萧峰听了,神色大喜,双手握住她的肩膀,将她的身体半转过来,问道:“阿朱,你都记起来了?”
阿朱摇头,轻声说道:“我只记起来一点。”
萧峰听了,心中虽有失望之情,但亦是欢喜万分,轻声安慰说道:“没事,以后会慢慢好起来的。”
阿朱听了,浅浅一笑,点点头,“嗯”了一声。心中想着过去跟在真正的阿朱身边的日子,她对萧峰用情至深,自己是最有体会的。阴差阳错,她成了阿朱,萧峰亦把她当成阿朱,说她对萧峰不心动那也是骗人的。
想起昨晚所作的梦,其他乱七八糟的梦她都不太记得了,却清楚得记得阿朱与她道别的梦。“姑娘,世间种种,皆有因果。以前的阿朱早已离去,从今往后,你便是阿朱。”语毕,阿朱便化作一阵烟雾。今日快活今日寻,纠结无益,就当自己当成真正的阿朱便是!

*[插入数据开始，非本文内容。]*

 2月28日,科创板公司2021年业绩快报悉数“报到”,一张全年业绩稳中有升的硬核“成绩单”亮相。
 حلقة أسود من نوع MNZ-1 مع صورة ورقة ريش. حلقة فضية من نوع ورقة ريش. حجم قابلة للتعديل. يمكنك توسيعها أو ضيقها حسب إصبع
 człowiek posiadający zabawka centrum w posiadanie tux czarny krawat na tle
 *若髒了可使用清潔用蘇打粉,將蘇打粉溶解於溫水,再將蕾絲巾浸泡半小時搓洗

思及此,心中便豁然开朗,她抬头看向萧峰,“大哥……”
萧峰狐疑地低头看向她,她朝他嫣然一笑,略显冰冷的白皙小手覆上他黝黑的大手,握紧,“真想……可以早点离开这里。”
她的笑容看得萧峰一怔,她自受伤后,从未露出过如此开怀的笑容,现在见到,他心中也自是欢喜。大手反握住她的手,“等大哥见了玄慈大师,我们便到关外去打猎牧羊。”想到真相即将得知,而往后他可以跟身前的女子驰马关外,打猎放牧,心中也不由得向往起来。

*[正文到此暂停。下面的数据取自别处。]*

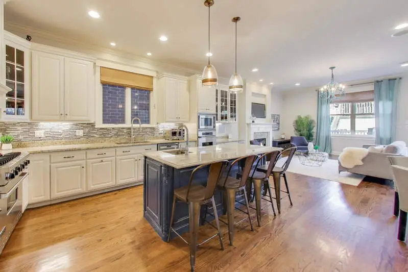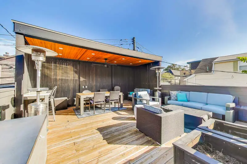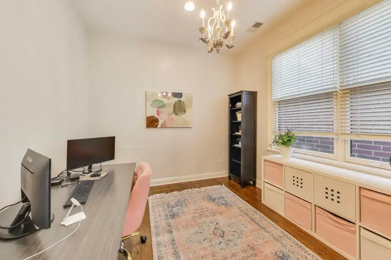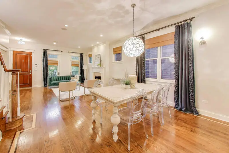 Stunning 5000 sq ft, 6-bedroom residence in the heart of Roscoe Village and the coveted Audubon School District! With 4 bedrooms conveniently located on the upper level, this thoughtfully designed home combines luxurious living with family-friendly functionality. Enjoy soaring 10' ceilings, radiant heated lower level, and three fireplaces throughout. The chef's kitchen boasts SubZero, Viking, and Dacor appliances, granite countertops, custom cabinetry, and premium Grohe and Kohler fixtures. Spa-inspired baths feature steam and rain showers, whirlpool tubs, and double vanities. Exceptional outdoor space includes a paver patio, garage roof deck, and two additional decks off a spacious top-floor bonus room. The finished English basement offers a rec room, office, and guest suite-perfect for extended family or flexible living. Zoned HVAC, pre-wired sound, and incredible storage complete this exceptional offering-just steps to parks, dining, and all the charm of Roscoe Village!

阿朱收回视线看着前面的道路,只觉得冬日的小道虽然给人萧索之感,但她明白,待冰雪融化后,这片大地又是另一番生机勃勃的景象。她从来不明白爱情是一种怎样的感情,但自从跟在阿朱身边之后,她明白了何谓爱情。对以前的阿朱而言,能保全萧峰便是最大的幸福。但对现在的阿朱而言,不管她的爱情是以何种形式开始,它的内容都必须包含“一辈子”,她绝不会让萧峰的悲剧重现。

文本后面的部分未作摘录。